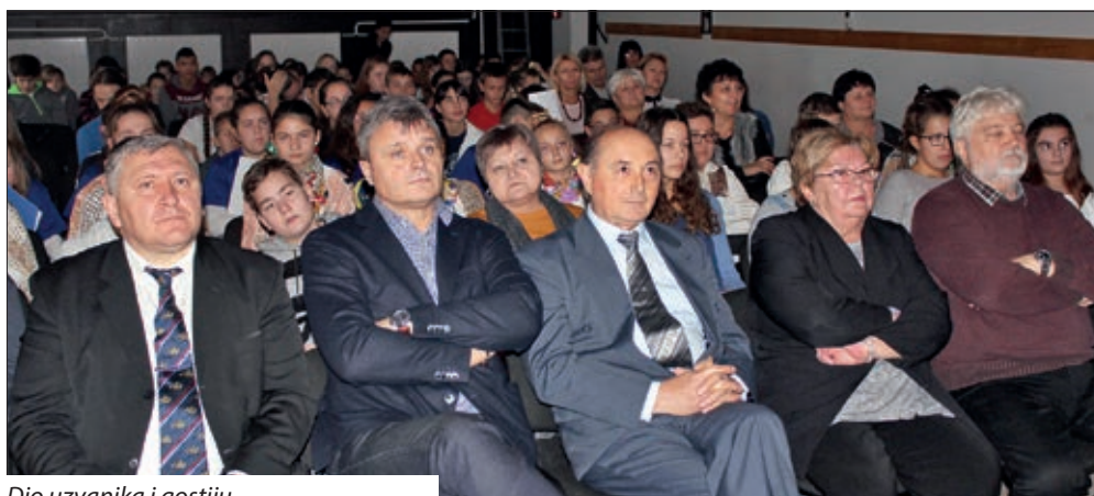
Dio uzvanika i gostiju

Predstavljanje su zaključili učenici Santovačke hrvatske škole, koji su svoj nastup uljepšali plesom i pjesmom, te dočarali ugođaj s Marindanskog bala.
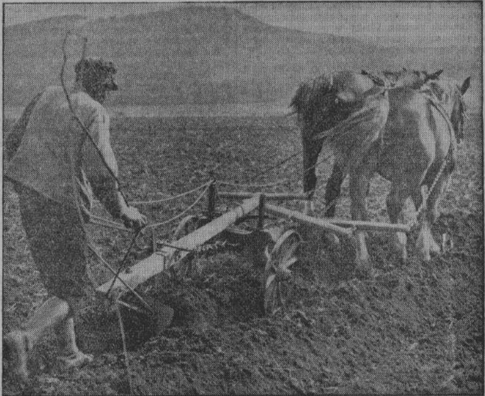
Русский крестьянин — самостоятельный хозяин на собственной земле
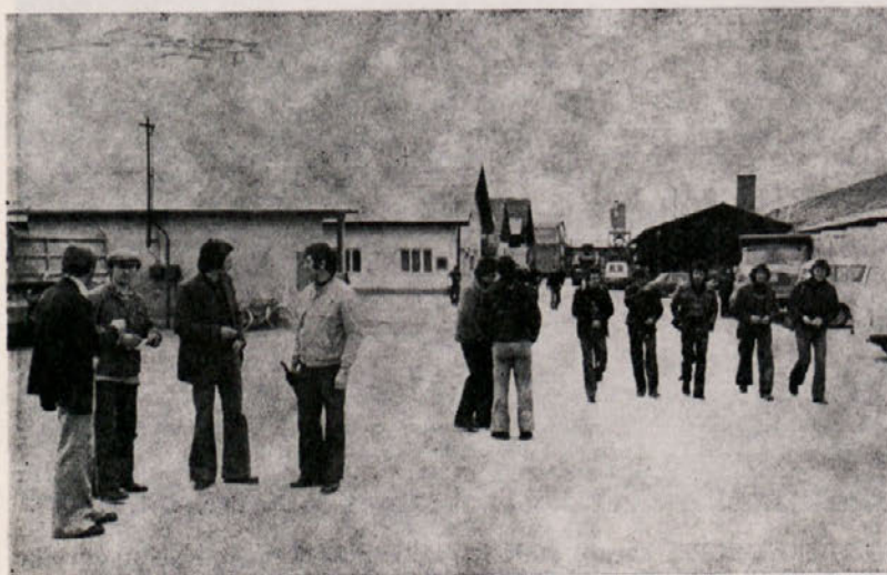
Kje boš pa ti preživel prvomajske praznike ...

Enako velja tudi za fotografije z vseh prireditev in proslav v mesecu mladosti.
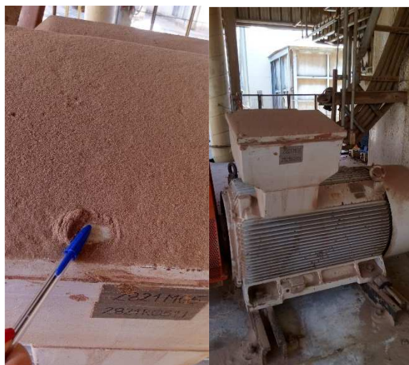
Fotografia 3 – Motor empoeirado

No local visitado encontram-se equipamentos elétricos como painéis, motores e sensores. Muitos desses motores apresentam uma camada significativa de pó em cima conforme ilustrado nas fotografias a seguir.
********************
What is being asked: Nothing in the records should be changed in the copy, but the pictures must be left out.

Result of the exercise:
Dio uzvanika i gostiju

Predstavljanje su zaključili učenici Santovačke hrvatske škole, koji su svoj nastup uljepšali plesom i pjesmom, te dočarali ugođaj s Marindanskog bala.
Русский крестьянин — самостоятельный хозяин на собственной земле
Kje boš pa ti preživel prvomajske praznike ...

Enako velja tudi za fotografije z vseh prireditev in proslav v mesecu mladosti.
Fotografia 3 – Motor empoeirado

No local visitado encontram-se equipamentos elétricos como painéis, motores e sensores. Muitos desses motores apresentam uma camada significativa de pó em cima conforme ilustrado nas fotografias a seguir.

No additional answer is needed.